O comandante da Marinha, almirante Eduardo Bacellar Leal Ferreira, disse que é preciso pelo menos R$ 800 milhões a mais por ano para manter a esquadra. “Isso precisa ser acertado ou a nossa esquadra de superfície vai desaparecer em pouco tempo”, afirmou.
O quadro orçamentário para 2018 preocupa o comandante. “Antevemos o risco para programas estratégicos e também para o funcionamento pleno das nossas atividades diárias, com reflexos em serviços que atingem diretamente a população, como aqueles relacionados à segurança da navegação.”
"O limite é setembro", diz ministro da Defesa
Em entrevista ao Estado, o ministro da Defesa, Raul Jungmann, admitiu que as Forças Armadas estão "no limite". Ele afirma que, "por enquanto", a capacidade operacional está mantida, mas concorda com os comandantes militares de que o próximo mês é o prazo máximo de recebimento de verbas para manter serviços básicos nas unidades. "O limite é setembro, e daí vamos ter de cuidar de reduzir efetivo, fechamento de unidades". Jungann disse que "espera", no entanto, que o orçamento seja recomposto pelo "compromisso" assumido pela área econômica.
As Forças Armadas estão sofrendo com restrições orçamentárias e já se fala em comprometimento de operacionalidade.
Até agora não tivemos comprometida a capacidade operacional. Mas, a partir de setembro, começaremos a ter problemas, porque as Forças estão no limite em termos orçamentários e financeiros e nos preocupa, particularmente, a interrupção ou a necessidade de renegociação dos contratos dos projetos estratégicos que acabaram de ser negociados.
O dia a dia dos quartéis já está sendo afetado?
O nosso limite é setembro. Daí, evidentemente, vamos ter de fazer redução de efetivos, fechamento de unidades, etc. Mas acredito e espero que isso não vá acontecer porque há o compromisso da equipe econômica.

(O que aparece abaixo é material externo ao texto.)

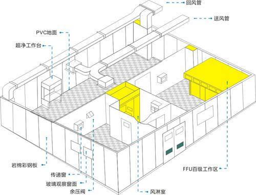 千級潔凈室之定義為將一定空間范圍內之空氣中的微塵粒子、有害空氣、細菌等之污染物排除,并將室內之溫濕度、潔凈度、室內壓力、氣流速度與氣流分布、噪音震動及照明、靜電控制在某一需求范圍內,而所給于特別設計之密閉空間。
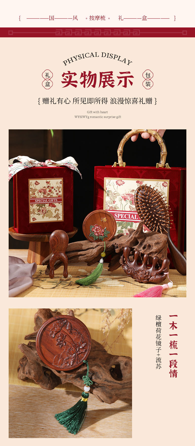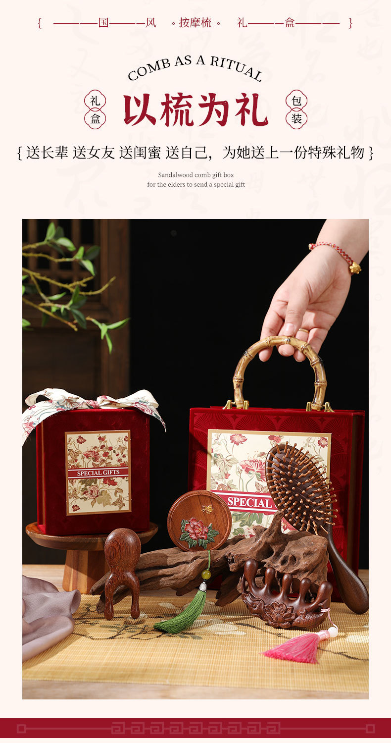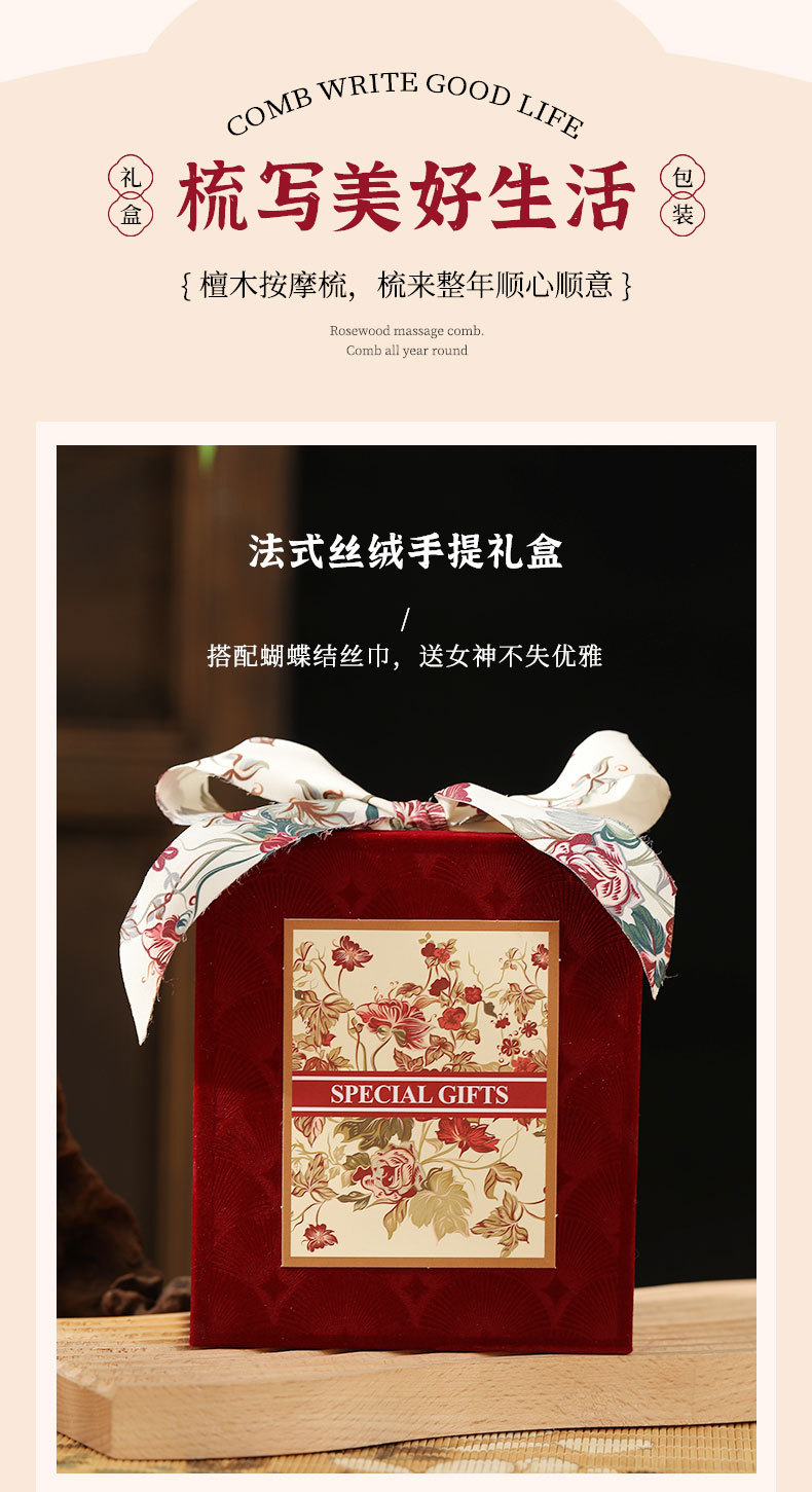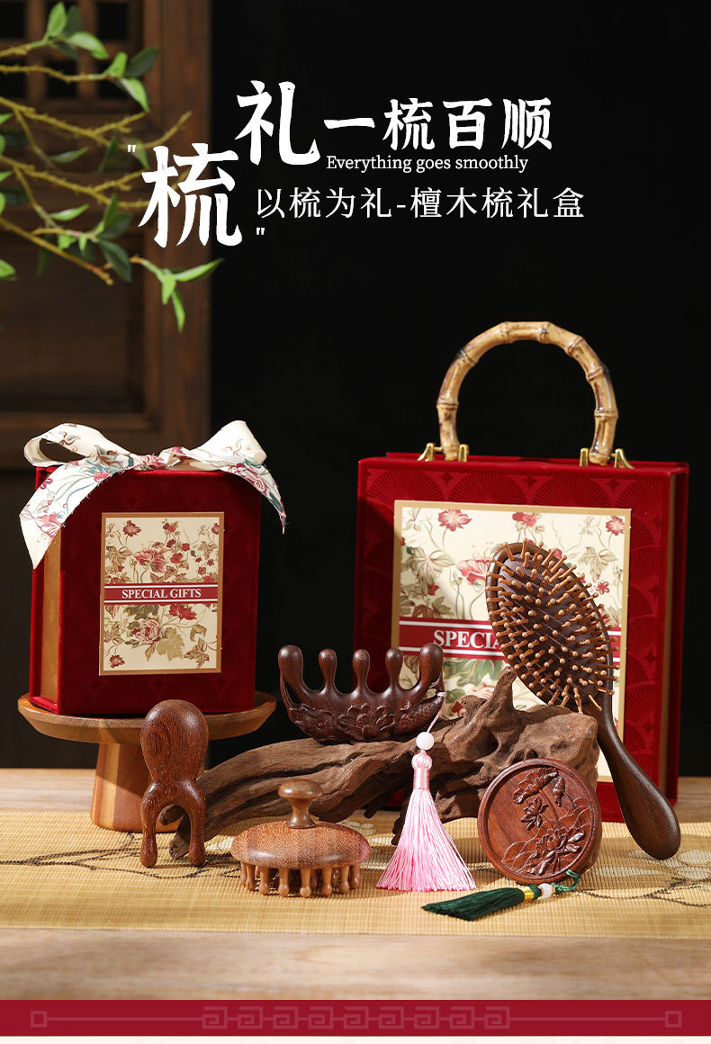 母亲节好礼!【一梳百顺,以梳为礼,檀木梳礼盒】母亲节礼物高级感 送妈妈老婆生日礼物 创意梳子礼盒 实用女士伴手礼-QQ

No dia 03 de Agosto 2017 o Comandante do Exército coocou em sua conta do Twitter o post abaixo
Conduzo seguidas reuniões sobre a gestão dos cortes orçamentários impostos ao @exercitooficial. Fazemos nosso dever de casa, mas há limites. pic.twitter.com/DKVx4kJwh1
— General Villas Boas (@Gen_VillasBoas) 3 de agosto de 2017
Efeito. Operações de Garantia da Lei e Ordem, como no Rio, podem ser afetadas
Unidade teve de pedir verba para conta de luz
Além da falta de dinheiro para despesas básicas, contratos para substituir armas estão congelados e cursos, suspensos
Na quarta-feira passada, o Quartel-General do Exército, em Brasília, recebeu um telefonema do comandante de uma unidade de Mato Grosso do Sul. Ele pedia ajuda imediata para evitar o corte de luz da organização, responsável pela área de fronteira com o Paraguai, rota do narcotráfico e contrabando de armas. Após mobilização, o Exército remanejou a verba a tempo de impedir que a unidade ficasse no escuro.
A cúpula das Forças Armadas, que estará hoje em cerimônia de apresentação de militares ao presidente Michel Temer, avisou governo e Congresso de que só tem dinheiro até setembro para despesas básicas. Generais dizem que, com os cortes, foram obrigados a usar reservas de combustíveis e armas, pondo em risco a capacidade de “prontidão” das tropas.
Neste ano, o Exército já foi chamado para atender a 13 pedidos de Garantia da Lei e da Ordem (GLO) e ações sociais nos Estados, mas ainda precisa receber R$ 36 milhões necessários para essas operações.
O risco de paralisação por falta de verba chegou ao preparo das tropas. Estoques de munição estão na reserva, frota de veículos e barcos depende de renovação, cursos profissionalizantes de recrutas foram suspensos e contratos para substituir fuzis estão congelados.
Ao Estado, o general Eduardo Villas Bôas, comandante do Exército, adotou tom diplomático. “O Exército jamais deixará de cumprir suas missões. Os cortes foram muito elevados, fora dos padrões, e, se não forem readequados em curto prazo, terão impacto direto para a continuidade das ações na Força.”
O contingenciamento tirou 43,5% dos recursos de investimentos do Exército – de R$ 2,5 bilhões, mesmo valor de 2008, R$ 1,1 bilhão foi retido.